Knowledge graphs (KGs) are data structures that have recently seen widespread adoption by industries for training powerful and accurate machine learning models. The advantages of KGs unfortunately come with a high cost in terms of security and privacy exposures because they increasingly use privacy-sensitive data. The common procedure to protect the confidentiality of such data by organizations is usually to publish their knowledge graphs, only partially, i.e., ensuring that privacy-sensitive information is not disclosed while the remaining subgraph becomes publicly accessible. In this paper, we show that this approach is vulnerable against privacy attacks and demonstrate that an adversary can easily infer the hidden part of the graph by simply exploiting the topology of the public KG (and nothing more). We investigate privacy attacks against KGs whose goal is to infer some private information from the graph. With this aim, we identify the most impactful features of KG topology on its leakage and design three attacks, incrementally: (1) a link inference attack to predict whether a node in the public graph exhibits a link in the private one; (2) a triple inference attack to concretely identify the hidden link with the actual tail node; and, finally, (3) a graph reconstruction attack to partially recover the hidden graph.

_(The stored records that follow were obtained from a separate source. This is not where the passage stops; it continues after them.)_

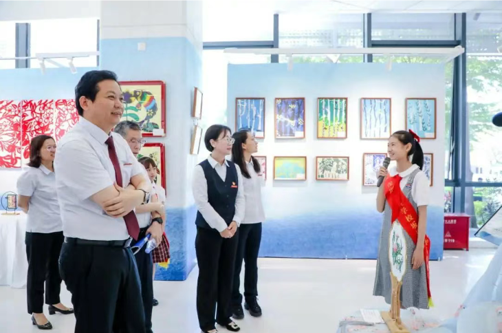 展厅内,身着校服的讲解员声音清亮、指尖轻点作品,参观者们侧耳倾听、俯身细看。在墨香与赞叹声中,实验文化正借年轻之声静静流淌。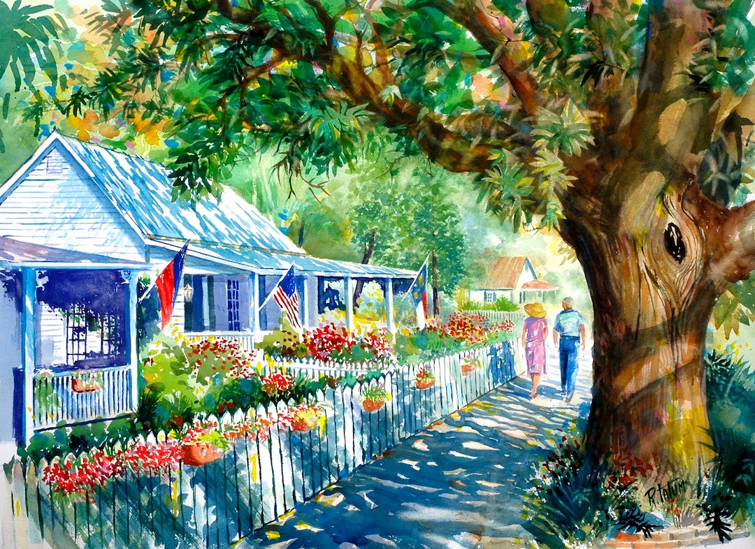 Classic bungalows from a by-gone era. Beautiful yards laden with Azaleas, live oaks, white fences and flags flying. A nice Spring day for a walk through history. Classic Southport Scene.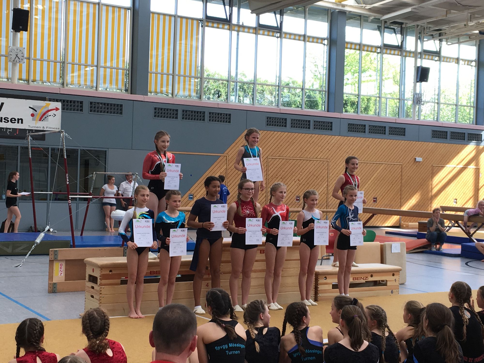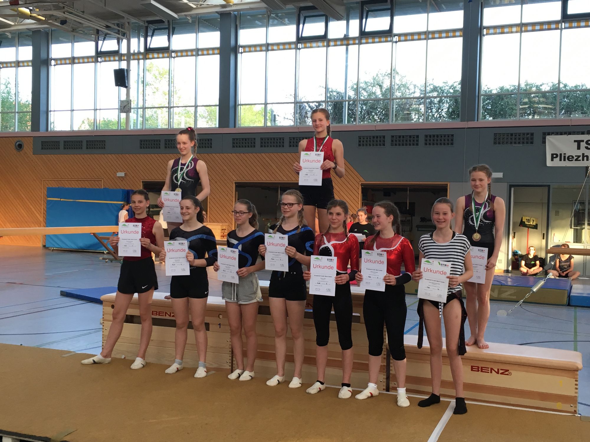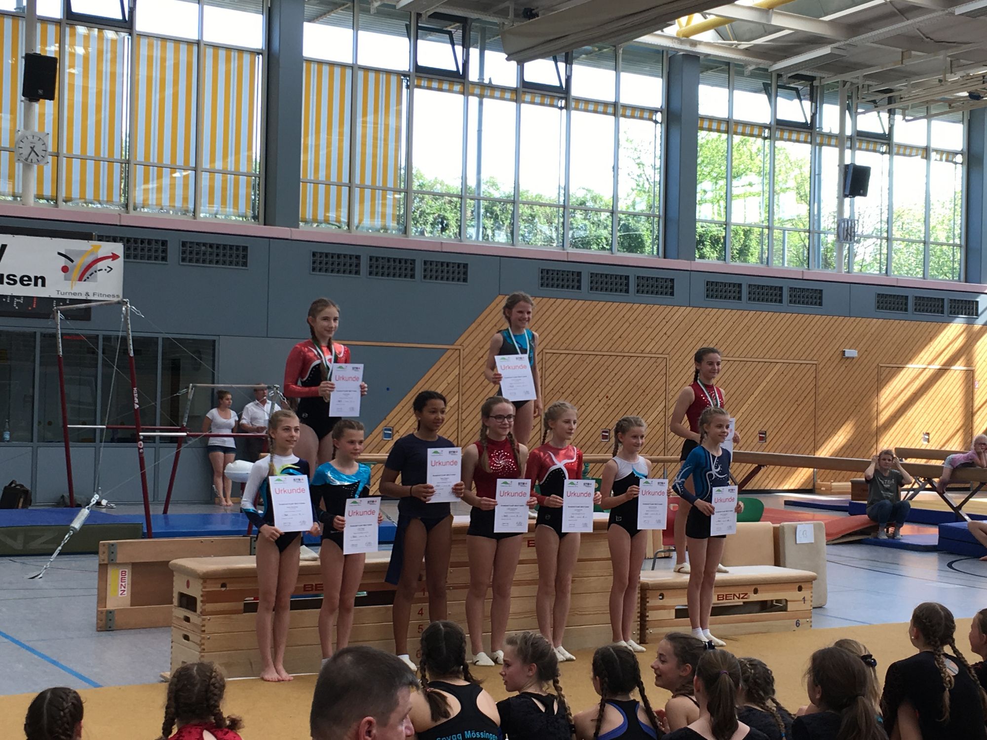 Bei der Siegerehrung durfte Aileen Gall mit 56,2 Punkten die Bronzemedaille in Emfang nehmen. Mit Jana Augsburger hatte man eine weitere Turnerin unter den ersten 10 Teilnehmerinnen (Platz 7 mit 54,9 Punkten). Pia Schlüssler gelangt mit 53,6 Punkten auf den 11. Platz, dicht gefolgt von Lisa Tyurin mit 53,3 Punkten auf Platz 12. Sophie Kammerer turnte sich mit 52,9 Punkten auf einen tollen 13. Platz. In dieser Jugend gingen insgesamt 26 Turnerinnen an den Start.

Our experimental study shows that these attacks are successful across multiple knowledge graphs with diverse topology (up to 90% PR-AUC for link inference, 80% MRR for triple inference, and 45% graph recovery). Furthermore, to mitigate this vulnerability, we propose a topology-aware defense mechanism named Chameleon that offers KG privacy protection while guaranteeing an acceptable utility level. To address the privacy-utility trade-off, unlike existing defense strategies, Chameleon identifies the most impactful edges in the public graph, taking into account their topological features, and perturbs the graph to prevent the adversary identifies and exploit them. Through additional experiments, we show that with moderate graph perturbation budgets, Chameleon reduces attack accuracy from 92% to 50% while maintaining acceptable utility with MRR of 52% to 31% on the link prediction task. Our study, therefore, emphasizes that graph topology alone is a fundamental source of privacy leakage in KGs and that future privacy protection solutions should be topology-aware.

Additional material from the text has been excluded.